[Information provided Boundary: Start]

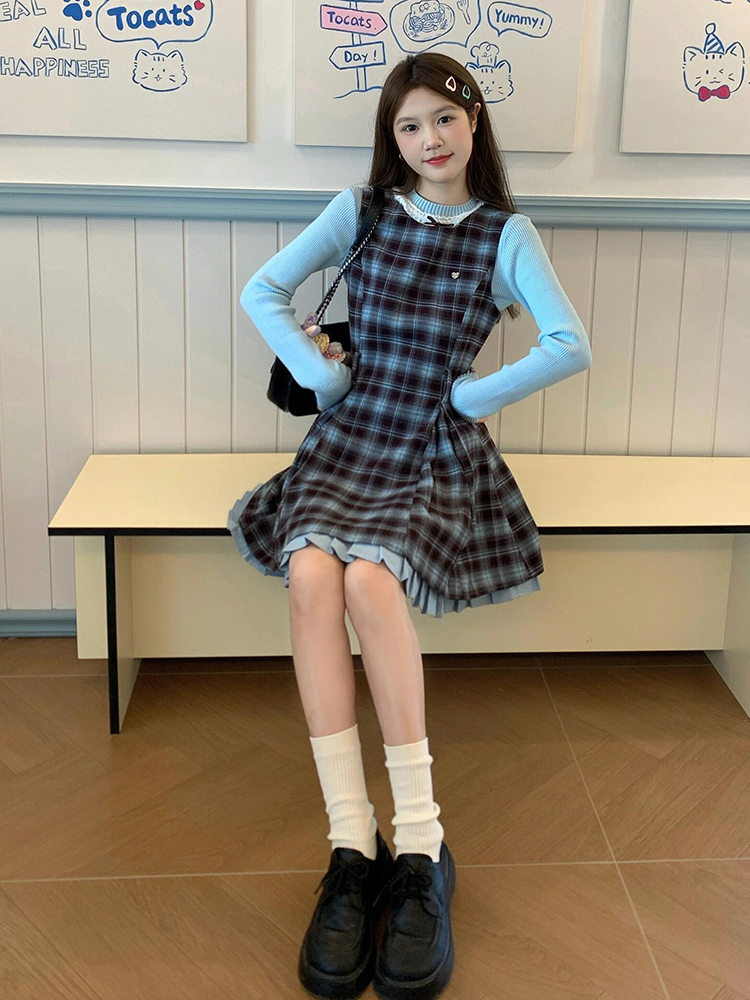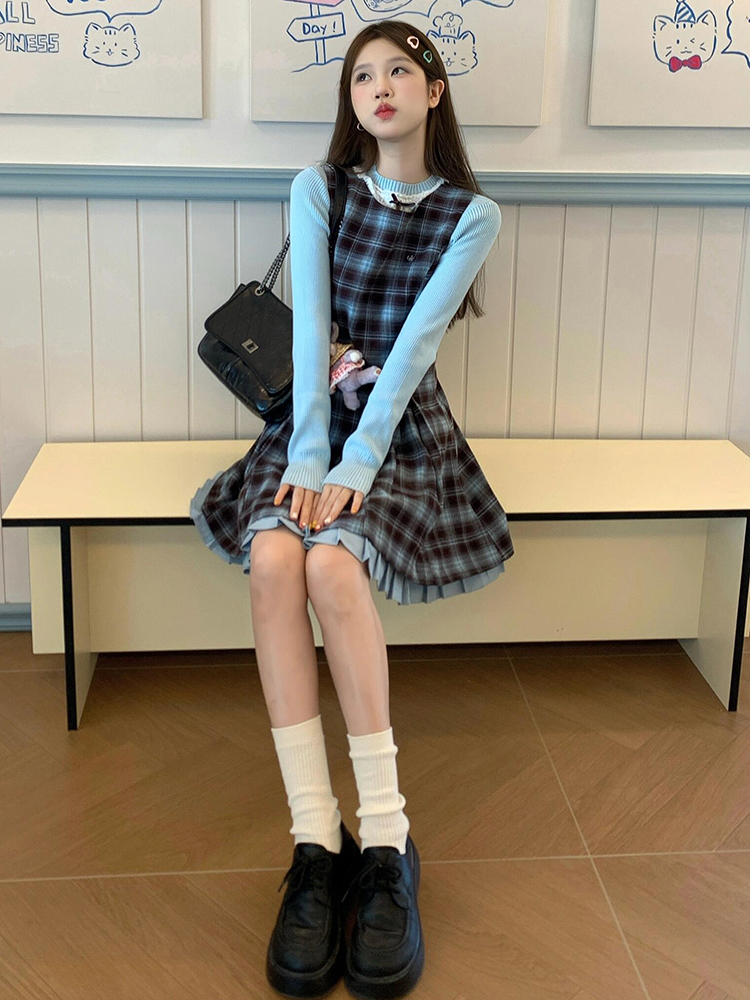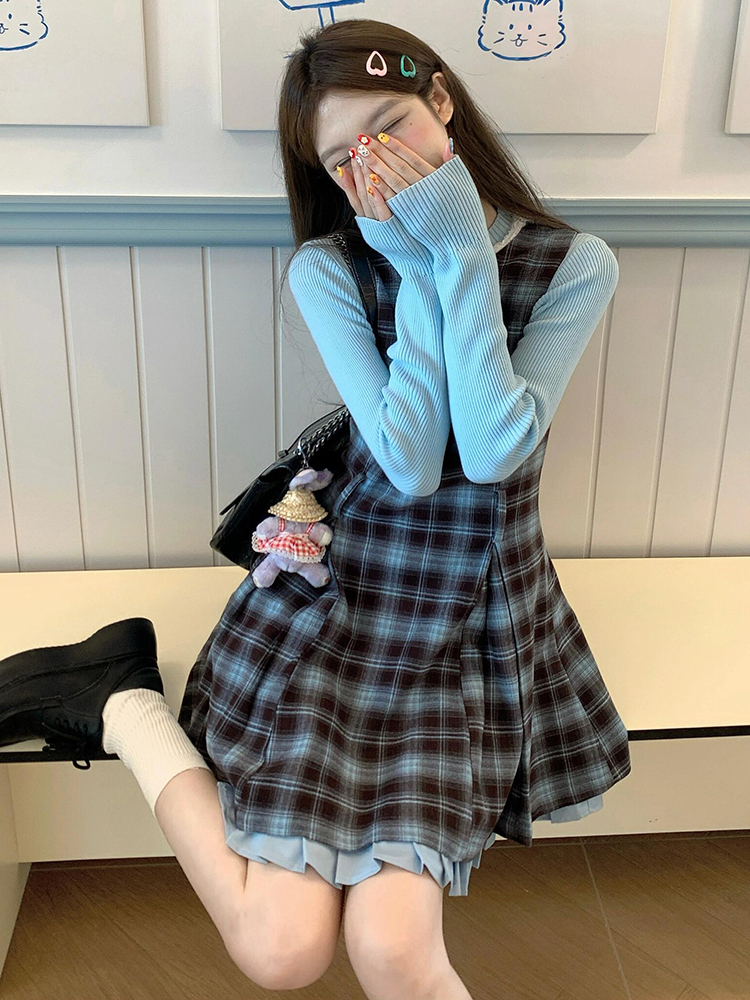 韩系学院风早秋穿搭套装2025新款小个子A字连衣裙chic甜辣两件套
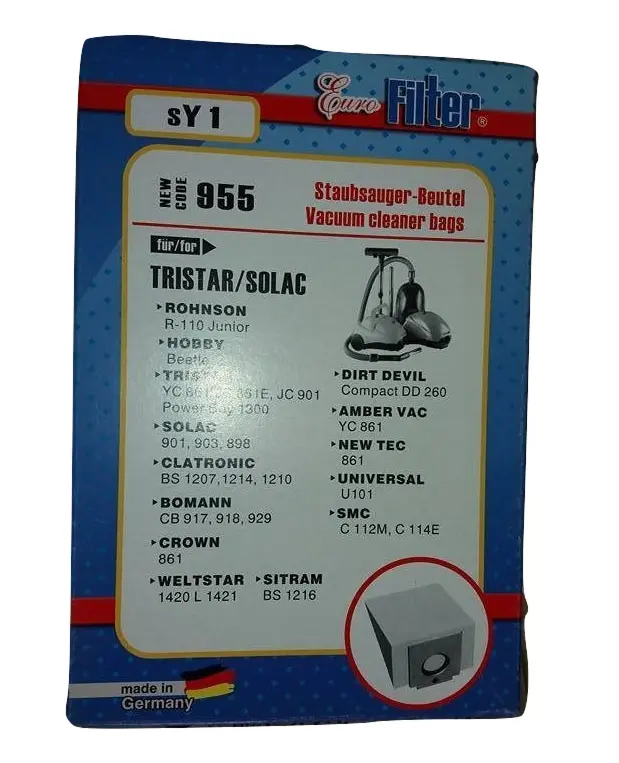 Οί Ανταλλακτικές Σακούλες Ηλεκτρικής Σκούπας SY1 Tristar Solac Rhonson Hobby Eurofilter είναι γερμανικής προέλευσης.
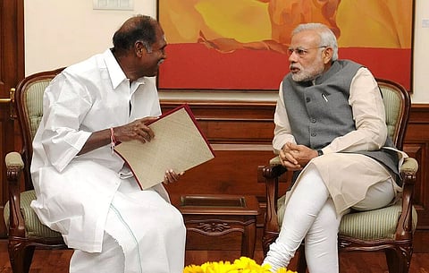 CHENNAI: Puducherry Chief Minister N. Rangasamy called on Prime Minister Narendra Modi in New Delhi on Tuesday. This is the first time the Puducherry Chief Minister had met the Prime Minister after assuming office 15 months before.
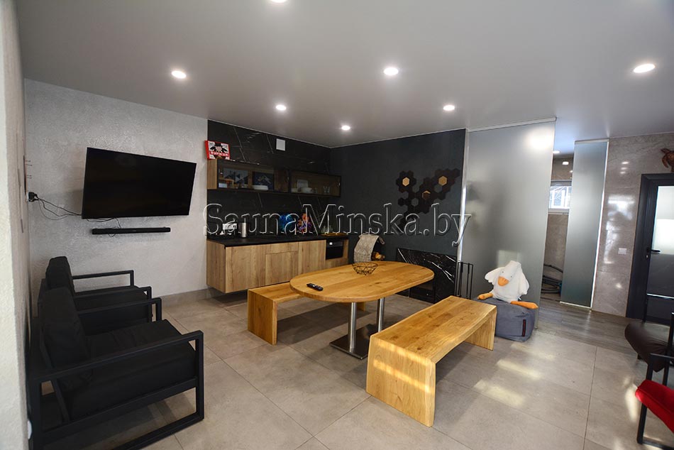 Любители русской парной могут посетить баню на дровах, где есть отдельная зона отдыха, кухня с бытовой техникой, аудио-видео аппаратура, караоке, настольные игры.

[Information provided Boundary: End]

§ **About this task**
All of the lines above should be printed exactly, minus the pictures.

§ **Written solution**
 韩系学院风早秋穿搭套装2025新款小个子A字连衣裙chic甜辣两件套
 Οί Ανταλλακτικές Σακούλες Ηλεκτρικής Σκούπας SY1 Tristar Solac Rhonson Hobby Eurofilter είναι γερμανικής προέλευσης.
 CHENNAI: Puducherry Chief Minister N. Rangasamy called on Prime Minister Narendra Modi in New Delhi on Tuesday. This is the first time the Puducherry Chief Minister had met the Prime Minister after assuming office 15 months before.
 Любители русской парной могут посетить баню на дровах, где есть отдельная зона отдыха, кухня с бытовой техникой, аудио-видео аппаратура, караоке, настольные игры.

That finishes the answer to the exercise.